In the embodied intelligence domain, the structure and naming conventions of HDF5 files vary by device manufacturer. The platform is compatible with mainstream external data acquisition systems (such as Songling Piper), allowing direct import and visualization of relevant HDF5 files.

If your HDF5 data is not yet supported, please contact us with your data structure details. We will quickly adapt our platform to enable seamless visualization, annotation, and export of your multimodal data.

HDF5 Data Export

The platform supports exporting annotated data in formats such as mcap, bag, and hdf5 to HDF5 files, facilitating subsequent machine learning model training. During annotation, actions are linked with natural language instructions to ensure VLA models can understand and execute language commands.

For annotation operations, see: Data Annotation

After annotation, you can select the required data subset for export in the export interface.

Select data to export

  • Group Count: Set the number of original files included in each HDF5 file. For one-to-one correspondence, set to 1.
  • Data Refresh Rate: Controls the number of data acquisitions per second, affecting file size.

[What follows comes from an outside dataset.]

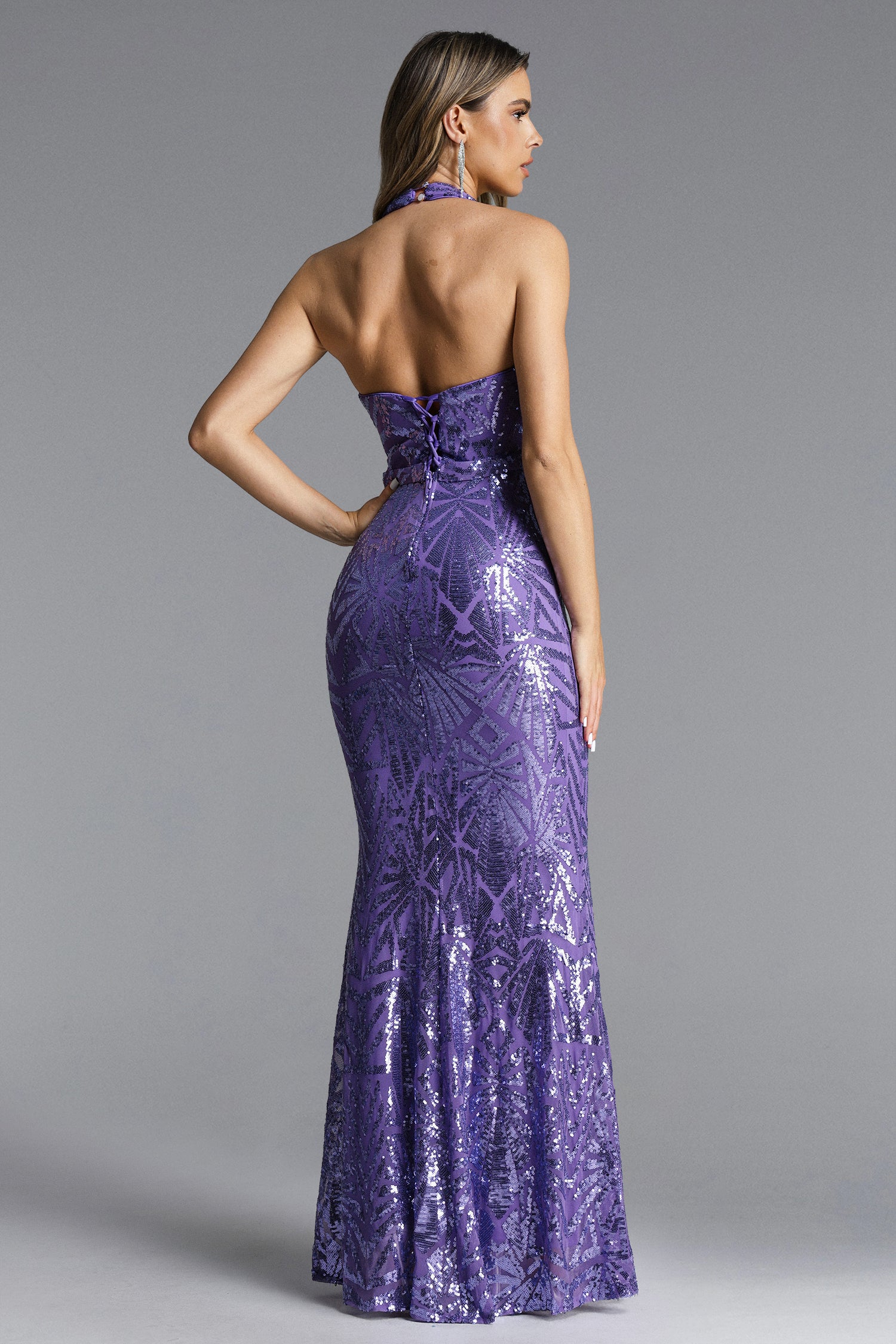 Rode Chic Contour Halter Deep V Sequin Pattern Maxi Dress

After export, you can view the results in the interface:

View export results

Downloaded data and read it

Exported Data Structure Description

Exported HDF5 files are named by original file groups (e.g., chunk_001.hdf5) and organized in a tree structure:

  • Root Group (/): Top-level directory.
  • Subgroups: Such as /data, /meta.
    • Under /data, subgroups are divided by annotation task sequence (e.g., episode_001, episode_002).
  • Datasets: Such as /data/episode_001
    • Attributes include:
      • task: Annotated natural language (English)
      • task_zh: Annotated natural language (Chinese)
      • score: Action quality score
    • Stored data includes:
      • action: Issued joint commands (multi-dimensional array)
      • observation.images.*: Compressed images from various viewpoints (JPEG)
      • observation.state: Sensor observations (multi-dimensional array)
      • observation.gripper: Gripper closure state observations (multi-dimensional array)

Example structure:

HDF5 "./chunk_001.hdf5" {
FILE_CONTENTS {
group /
group /data
group /data/episode_001
dataset /data/episode_001/action
dataset /data/episode_001/observation.gripper
dataset /data/episode_001/observation.images.camera_01
dataset /data/episode_001/observation.images.camera_02
dataset /data/episode_001/observation.images.camera_03
dataset /data/episode_001/observation.images.camera_04
dataset /data/episode_001/observation.state
group /data/episode_002
dataset /data/episode_002/action
dataset /data/episode_002/observation.gripper
dataset /data/episode_002/observation.images.camera_01
dataset /data/episode_002/observation.images.camera_02
dataset /data/episode_002/observation.images.camera_03
dataset /data/episode_002/observation.images.camera_04
dataset /data/episode_002/observation.state
......
group /meta
}
}

HDF5 File Reading Example

It is recommended to use the Python h5py library to read and manipulate HDF5 files. Basic usage is as follows:

import h5py

# Open HDF5 file in read-only mode
with h5py.File('chunk_001.hdf5', 'r') as f:
# View top-level groups
print("Top-level groups:", list(f.keys()))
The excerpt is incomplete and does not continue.